13 thoughts on “Links

  1. Now I realize why I counld not access to http://www.gbadev.org in the pass. I can deal with this by useing proxy.
    Thank you for your comments.(My English is not good. There may be some mistakes here.Please forgive me.)

  2. Dear Cearn,
    I have one question about GBA programming. why a *.elf file is made before a *.gba file made? what is the relationship between them? Thanks.

  3. An ELF file is the general file format that GCC uses for tis binary output. The object files (.o) are also ELF files, but with a different extension. ELF file don't just contain the real bits of the program but also link-section information, function names, and a host of other things. If you compare the file sizes of an ELF and its GBA file, you'll see that the ELF is much bigger.

    The GBA does not expect all that extra stuff and doesn't know what to do with it. In other words, it wouldn't run. The objcopy tool strips all the excess information.

    I think there's a linker flag that strips the binary down to the raw bits and bytes, but I've never really examined what it does. Also, part of the extra information in the ELF file is debugger information, which could be helpful when running with gdb.

  4. Thank Cearn very much! Your answer helps me so much!
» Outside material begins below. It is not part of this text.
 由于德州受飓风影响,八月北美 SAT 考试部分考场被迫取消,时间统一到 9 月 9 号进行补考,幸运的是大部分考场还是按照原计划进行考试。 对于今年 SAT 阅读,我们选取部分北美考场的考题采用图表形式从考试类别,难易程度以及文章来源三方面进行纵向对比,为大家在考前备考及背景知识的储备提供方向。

    But I still have one question. As you said, part of the extra information in the ELF file is debugger information, which could be helpful when running with gdb. I remember that the "-g" option of GCC on Linux platform can produce extra debugging information. What is the different between these two commands "gcc -g -o file file.c" and "gcc -o file file.c" in Linux OS? Does the ELF file contain more debugging information if you add "-g" option when you complie the source codes?

    Thank you so much.

  5. To be honest, I'm not sure what -g does exactly for the object (and ELF) files, but it seems to do something. I do know what effect it has on the generated assembly: it adds .loc directives everywhere. These seem to carry the line number in the source code, presumably to be used for breakpoints. For more details you'll have to go to the manual I'm afraid.
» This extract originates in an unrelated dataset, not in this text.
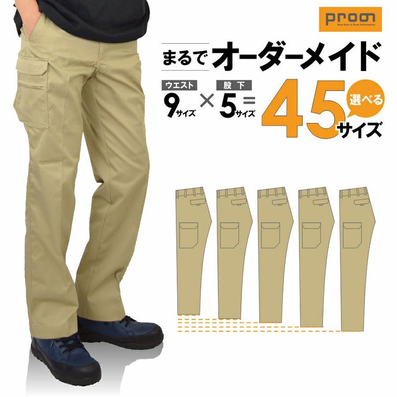 ウエスト9サイズ×股下5サイズ=計45サイズから自分にぴったりのサイズが選べるカーゴパンツ。

  6. Anyway, you help me much.
    I like your tonic.

    Maybe I have still have a lot of question to ask you in the future. :)
    Please don't be annoyed with me for asking these questions which maybe you think so easy.

  7. Cearn,
    May be a bit off topic but was curious to see if you have an answer. "Functional Programming" appears to be making a good showing and supposedly, programs written in an FP language will run faster and cleaner than OO or procedural languages ( http://www.ddj.com/development-tools/212201710 ). Are there any FP languages for GBA development or is it even worth it? A more general question might be "what languages are available for GBA development?" Thanks!

  8. I don't really have any experience with functional languages, so I may be of here, but I'll try to give some sort of answer.

    First off, notice that the DDJ article says that FP languages may be better for some environments, not all. In particular, it's useful when you can parallelize and on multi-core systems (which the GBA isn't). According to wikipedia, FP tends actually slower except for heavy number crunching.

    As for which languages are available for GBA programming, most of it is C/C++ and assembly, but there also DragonBASIC and from a cursory glance at Torlus' site, it seems that he's got some Forth, lua and an early Java there. How well these work I can't tell you, though. There's also a Pascal port and something called Catapult, but that's for official developers only.

    Note that except C(++) and asm, everything is very old and as far as I know no longer actively supported.